Beyond sequence similarity: function-aware screening of synthesized DNA

Dual-use note. This post describes a defensive screening layer for synthesized DNA. It deliberately reports aggregate metrics on a curated, public-source benchmark and omits operational details that could inform evasion (per-mutation-rate ladders, short-read false-alarm tables, dataset assembly recipes, attack pipelines). Code and processed data are available on request to vetted researchers. The findings here are complementary to alignment- and HMM-based policy screens (e.g. IBBIS Common Mechanism); they are not a substitute for them.

DNA-synthesis screening today asks a narrow question: does this order look like something on a known-toxin list? Letter-by-letter alignment against curated databases catches the easy attacks and the honest-mistake orders, but it has a known failure mode: change enough nucleotides to escape the lookup while keeping the protein’s function, and the screen falls silent (Wittmann & Olsen et al., 2024).

Function-level screening (does this sequence look like it does what a toxin does?) is what large biological sequence models are good at. This post summarizes a homology-aware benchmark of two such models, ESM-2 (protein) and Evo2 7B (DNA), framed as a complementary layer behind alignment-based triage.

The screening gap

A modern DNA synthesis order goes through a tiered review. Letter-matching against curated hazard databases is fast, precise, and cheap, and it is what most public-facing screens use. The structural problem is that protein function is not preserved by surface DNA similarity: silent codon changes can rewrite the DNA letters of a toxin while leaving the protein, and its harmful activity, intact. The reverse is also true: adversaries (or evolution) can mutate amino acids enough to break alignment while folding to the same toxic 3D shape.

A function-aware screen would read past surface spelling. The question is whether learned representations from large biological models, which were never trained on a “toxin / not-toxin” label, encode enough of “what the protein does” to act as that second layer.

Benchmark

We assemble a labeled, homology-aware benchmark of toxin and benign coding sequences:

Toxins drawn from the Gene Ontology toxin activity category and the Virulence Factor Database.
Benigns drawn from human-secreted, plant, and yeast proteins, none of which appear in the toxin catalogs.
Total: 2,942 toxins / 1,118 benigns after pairing DNA and protein records.

Two design choices matter:

Human-codon re-spelling. Every coding sequence is rewritten with uniform human codons before any DNA model sees it. This forces any DNA-side signal to come from biology, not species-of-origin spelling.
Homology-aware split. We group sequences by MMseqs2 at 30% protein identity and keep entire groups together in either training or testing, never split across both. Without this guard, close homologs leak between folds and inflate every metric.
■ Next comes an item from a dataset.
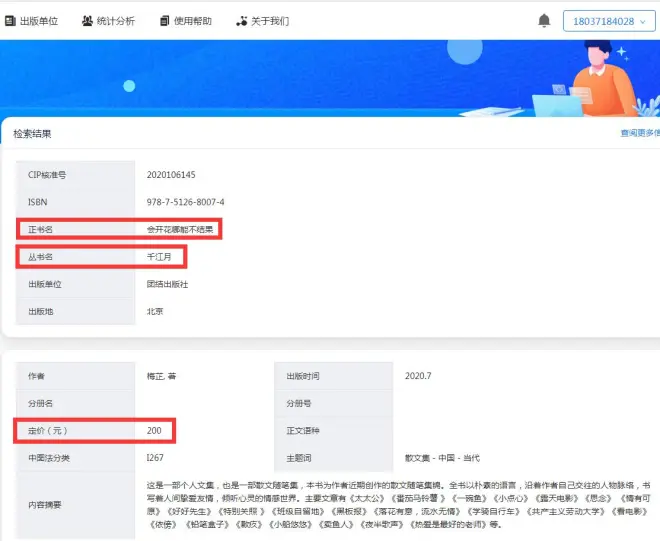 在我国,无论是单书号还是丛书号,都有唯一对应的一个CIP号,用以登记备案图书,且这个编号可以在“中国国家版本馆-国家版本数据中心”查询到图书的备案信息,以此来验证图书的真伪。CIP号一般印在扉页的背面上部,CIP并不是单独的一个编号,其所包含的有图书的相关信息及对应代码。
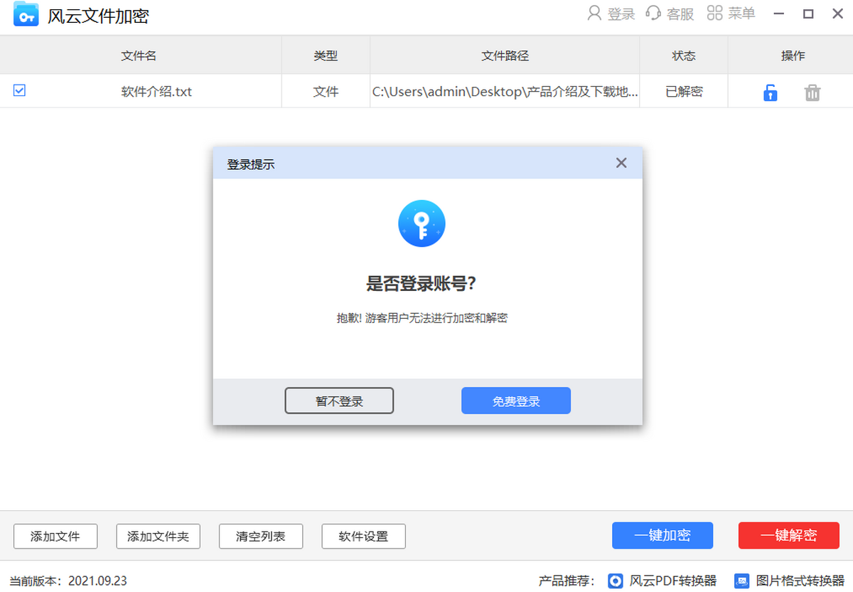 风云文件加密是一款功性强大、操作性简单、安全性极高的加密软件,可以进行文件加密解密等处理,让文件固若金汤。

The headline metric is TPR@1%: the fraction of toxins caught when the alarm threshold is set so that 1% of benign sequences trigger an alert. This is the operating point most relevant to high-throughput synthesis-order review.

Figure 1. Experimental overview: dataset construction (top), models and homology-aware evaluation (bottom).

Figure 2. Class composition and protein length distribution.

What the embeddings see

Before training any classifier, a UMAP projection of mean-pooled embeddings already separates the signal:

Figure 3. UMAP of model embeddings (red = toxin, blue = benign).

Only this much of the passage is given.